The form of the driveway has been eroded in the past by the new track which leads down to the basement of Swanson Building (Building 1); and the access to the old outdoor Towing Tank. The current boom gate at the Newnham Hall end of the drive is intrusive. The mature trees and shrubs are in reasonable condition and are well maintained. The entrance gates are in good condition. (2002)

====Precinct B - Home Paddock====

Together with Newnham Hall's riverside garden, this paddock seems to have made up the riverside portion of Friend's original 47 acre land grant. The home paddock appears to be under cultivation but with a smattering of trees in the c1830s Stephenson's Bend painting.

The home paddock is clearly shown in the 1943 survey and 1945 aerial photo as a single field. In the 1970s low aerial photo it is divided into two narrow fields, one under cultivation and the other possibly used for sheep grazing. The paddock may have been used by the Newnham Community School which had an emphasis on agricultural science in its curriculum.

A line of shallow cut and fill runs across the Paddock about halfway down. This could relate to a former farm road as evidenced by the old hardwood gatepost with gate hinge on the SE hedgerow of the boundary.

The enclosure of this field by hedgerows has been gradually eroded. It also appears that a Hawthorn hedgerow once gave clear definition between the paddock and the entrance driveway. (2002)

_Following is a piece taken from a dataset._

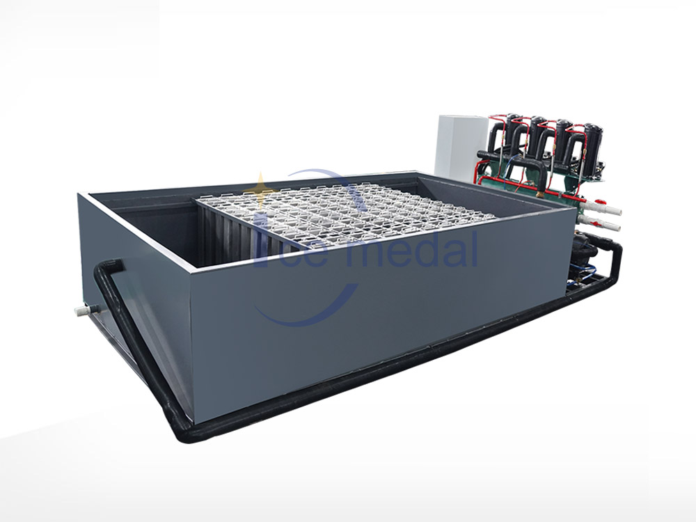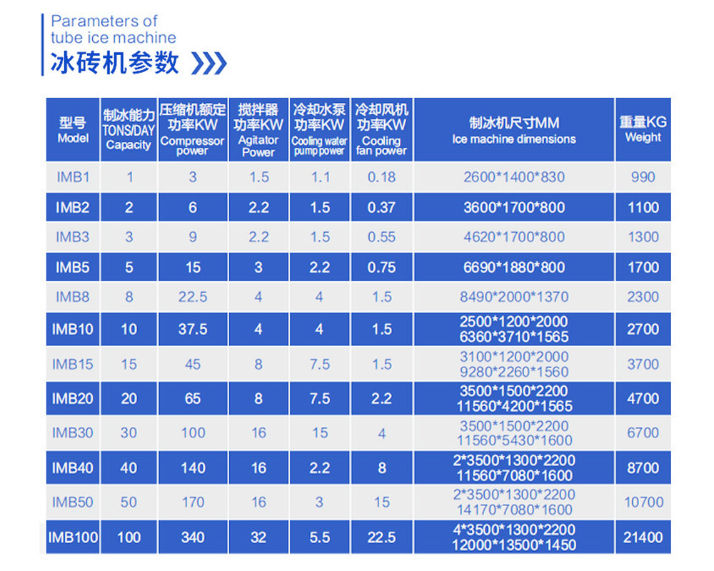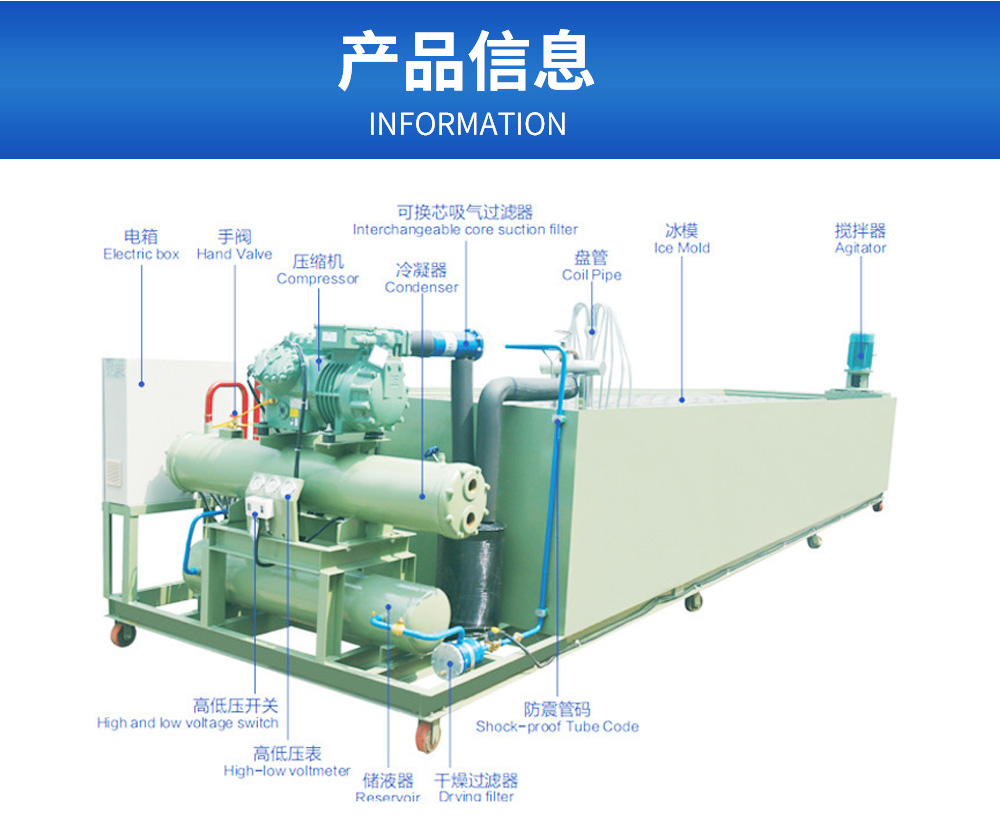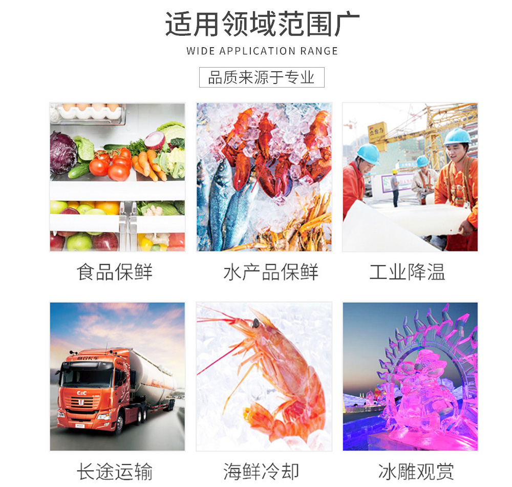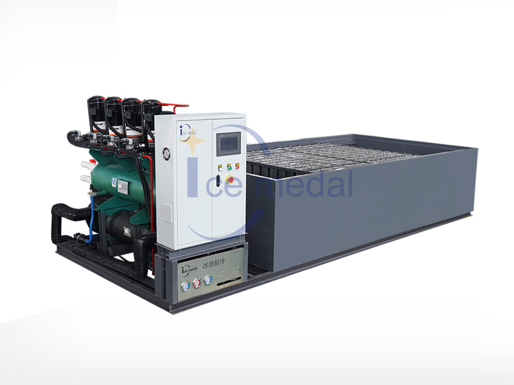 块冰机又名冰砖机,是制冰机中的一种,可分为直冷式块冰机、盐水式块冰机、直冷集装箱式块冰机、盐水制冰集装箱式块冰机。所制出的冰块是冰类产品中外形尺寸大,与外界的接触面积小,不容易融化。可根据不同要求粉碎成各种形式的冰块。适用于冰雕、混凝土降温、隧道降温制冰机、冰块储存海运、海上捕捞等。 粉碎后可以用于所有用冰的场所。但冰经过粉碎后,会部分融化,冰量损耗。冰块可以分为透明冰块、乳白色冰块和彩色冰块。块冰的尺寸可根据冰桶的大小进行定制。

====Precinct C - Riverside Garden====

In the c. 1840 Stephenson's Bend painting, a lawn appears in front of Friend's two-storey, three-bay Georgian villa with immature hedges at its boundaries and a scattering of trees. The boundaries of the garden are similar to those of today. A signal staff is at the bottom of the garden.

After 1835 the garden underwent a fairly intensive landscape regime in the Gardenesque style, and this is likely to have occurred as a consequence of the house receiving the major riverfront addition in the 1840/50s although it may be possible that Grubb built up the more intensely planted garden following his purchase in 1857.

The 1943 survey notes a garden and shrubbery in this area and the1945 aerial photo showed the upper portion of the riverside garden was still intensely planted with a variety of shrubs in a Victorian manner. By the 1978 survey, gardens and shrubberies had been replaced with lawn.

Elements of the riverside garden include mature heritage plantings and garden bed at edge of Hall forecourt; hedgerows along riverside boundary flagstaff; arbour and steps. The current steel flagstaff, donated to the AMC in 1996, is on the centre-line of Newnham Hall and interprets the flagstaff in a c. 1840 Stephenson's Bend painting.

Now mainly only the larger trees remain, however it is likely that there is some archaeological evidence of former pathways, shrubberies and garden beds. (2002)

====Precinct D - Orchard====

Elements of the orchard include remnants of the early orchard - apple and pear trees; other mature fruit and exotic trees; 1940s BBQ; Master of Residences House and Garden 1990; native hedge.

The regular planting of the orchard has been eroded over the years, most notably by the construction of the Master of Residence's House in 1990. While this house and its landscaping may be considered intrusive, the house is of a simple design well screened from the Avenue and the Orchard. (2002)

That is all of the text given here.